俺とルムデスに割って入った時の衝撃は、間違いなく魔法攻撃だったはず。
それなのに見えているのは、一メートルはあろうかと思うくらいの大剣だ。
両手剣持ちの魔法剣士?
「お前がギルド追われの召喚士か?」
「……」
「間近で見る大剣が怖いか、それとも女だてらに両手剣を持っていることに、びびっているのか?」
「な、何者なんだ?」
「ふん、口は利けるみたいだな。有無を言わさずの非道召喚士と聞いていたが、何をどうすればお前に負けるっていうんだ?」
骨と魚の鱗のようなもので出来た黒褐色の鎧と、黒青銅のレギンス、大剣にはどこかの国に属する紋様らしきものが見える。

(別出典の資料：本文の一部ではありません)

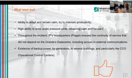 The discussions highlighted the railway system’s resilience, built on a solid foundation of existing technical preparedness, while also underscoring the importance of human factors and the commendable performance of staff in the face of such an exceptional and extreme event. At the same time, the value of the lessons learned was emphasised, along with the need to reinforce certain protocols and actions to further strengthen the capacity to respond to large-scale disruptions, such as:

ギルド追われと言っていたが、こんな連中にも伝わっているのか。
ルムデスの方に向かったのは男のようだが、俺の前に立っているのは女の……
「お、お前は剣士……?」
「少し違うな。魔剣士を知らないのか? お前とエルフを引き裂いたのはこの剣。この剣に魔法の力を与えて振り下ろしただけのことだ」
吹き飛ばされた時に見えた剣光は、そういうことなのか。
「お、俺に何を――」
「襲撃されたと分からない程、獣に守られていたのか。それとも、取るに足らない相手に見えるか?」
話しながらも全く隙が無い鋭い目つきで、俺を見ている。
この女がリーダーなのか。
『ミゼラ! エルフを捕らえたぜ! 召喚士は殺したか?』
『抵抗されずにか?』
『気配は感じたけどな! どうするよ?』
『……召喚士の強さを見ずに……というのは面白くないな。連れて行く』
『じゃあ、あいつらとネルヴァの洞窟に向かっておくぜ! ミゼラも早く来いよ』
『……』
ルムデスが捕まったというのか。
彼女の力であれば、魔剣士であってもそんな不利なことにはならないはずなのに。
「俺をどうするつもりがあるんだ?」
「召喚士、お前の名を聞かせろ」
「……ライゼル」
「忘れたか? ライゼルと名がつく召喚士は、ギルドの敵だ。敵にすることなど決まっている」
「エルフの彼女は関係ない。敵というなら、俺だけに剣を向ければいい」
「どれほどの化け物か、試させてみろ。私の仲間にお前の力を見せたところで、存在を消してやる」
「洞窟の中でか?」
「どこであろうと無意味に終わる話だ。エルフを取り戻したければ、示せ。簡単だろ?」
今までの襲撃者とは違う。
魔法だけではなく剣技もとなれば、容赦なく示すだけ。
滅せず生かしたままで、光に還すことなど出来るのだろうか。